Asset Tracking

One of the responsibilities of the Kit Team is to maintain a record of the location and state of all SRs assets. This is generally referred to as asset tracking. To allow SR to operate it is important that the location and state of all of its assets are known at all times.

This chapter documents the high-level organisation aspects around SR asset tracking. It is not intended as a comprehensive user manual for the Inventory system, but rather how SR uses the system to track its assets.

The Inventory

To record all of the necessary information regarding SR assets, all1 assets are tracked in the Inventory. Unfortunately, due to historical use of the term, SR uses the term Inventory to refer to its asset tracking system. Normally inventory refers to a record of things that an organisation sells whereas assets are things that an organisation owns and uses to operate; tracked in its asset tracking system. It is not a big problem, but it is an unusual quirk to be aware of.

Each asset, for example an individual webcam, has a corresponding record in the Inventory. Within this record various properties of the asset are held such that it is possible to unambiguously identify the matching asset from its Inventory record and conversely, identify the matching Inventory record from the asset. There is a one-to-one mapping of assets to Inventory records.
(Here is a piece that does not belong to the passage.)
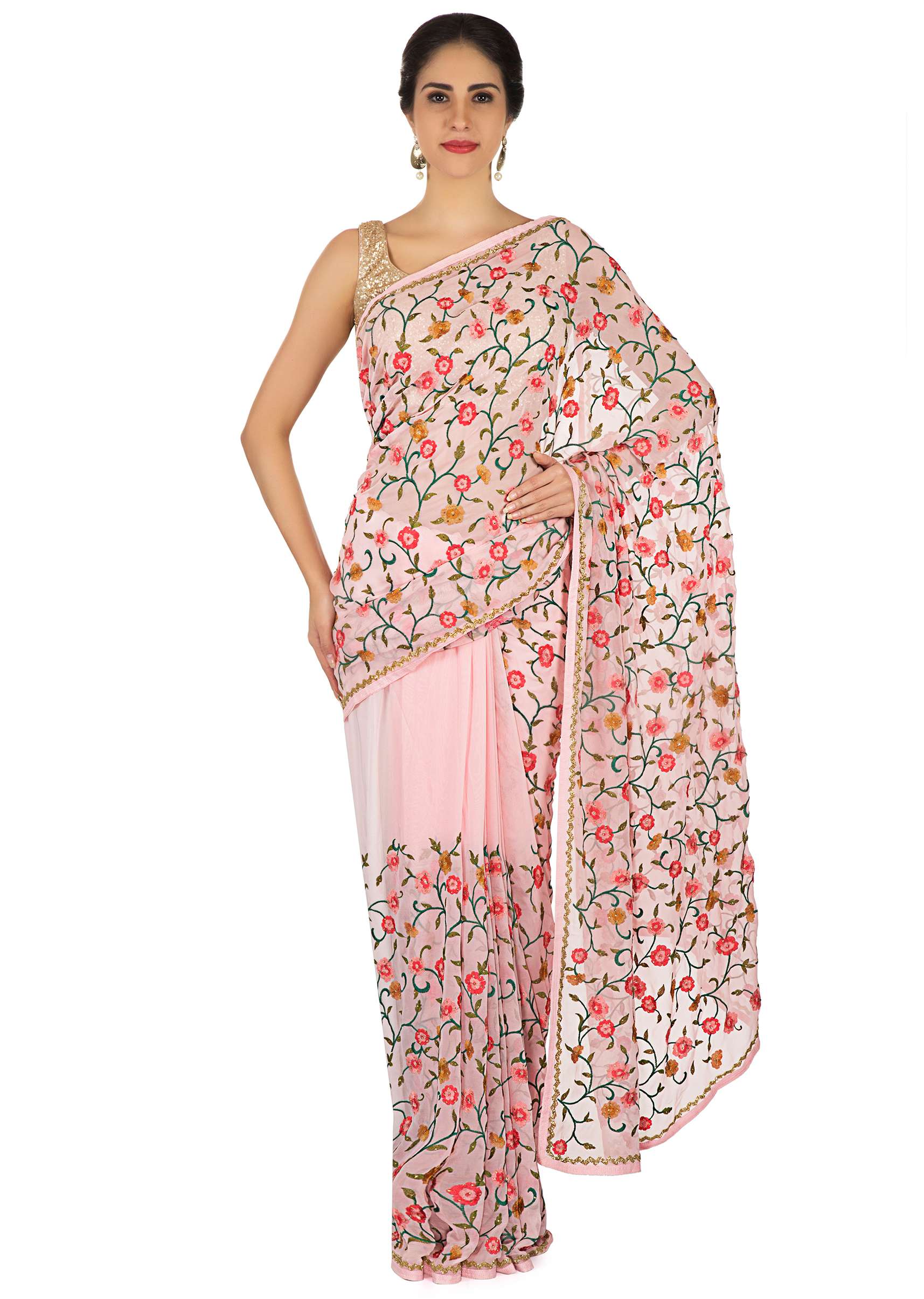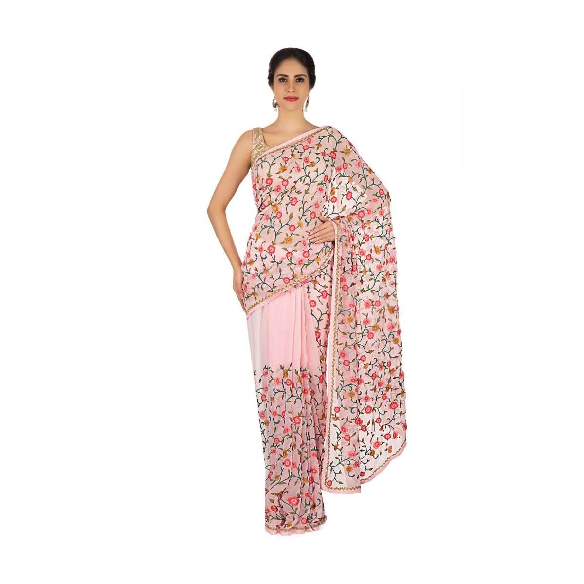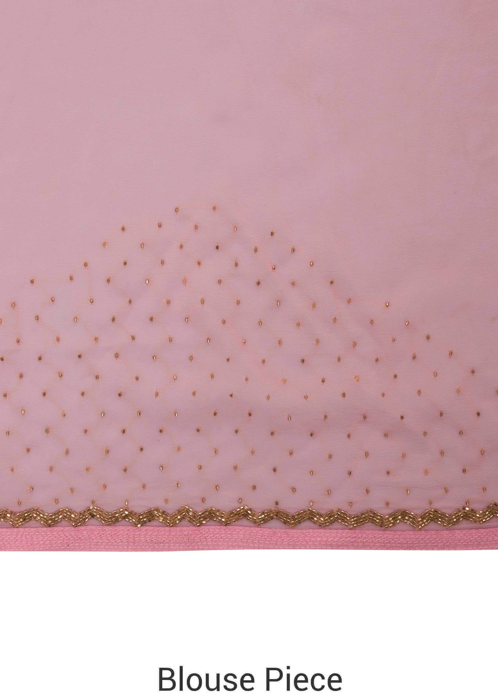 Floss pink saree in resham jaal and cut dana border only on Kalki

Each type of asset is identified by its name; for example a Logitech C270 webcam has the name webcam-logitech-c270. All assets of the same type have the same name. When creating assets that do not have an existing name in the Inventory, care must be taken to ensure that the new name given to the asset is suitably descriptive. This ensures that it does not clash with future assets that are similar, but not the same; for example an asset with the name usb-charger is not descriptive enough, but usb-charger-a-500ma is.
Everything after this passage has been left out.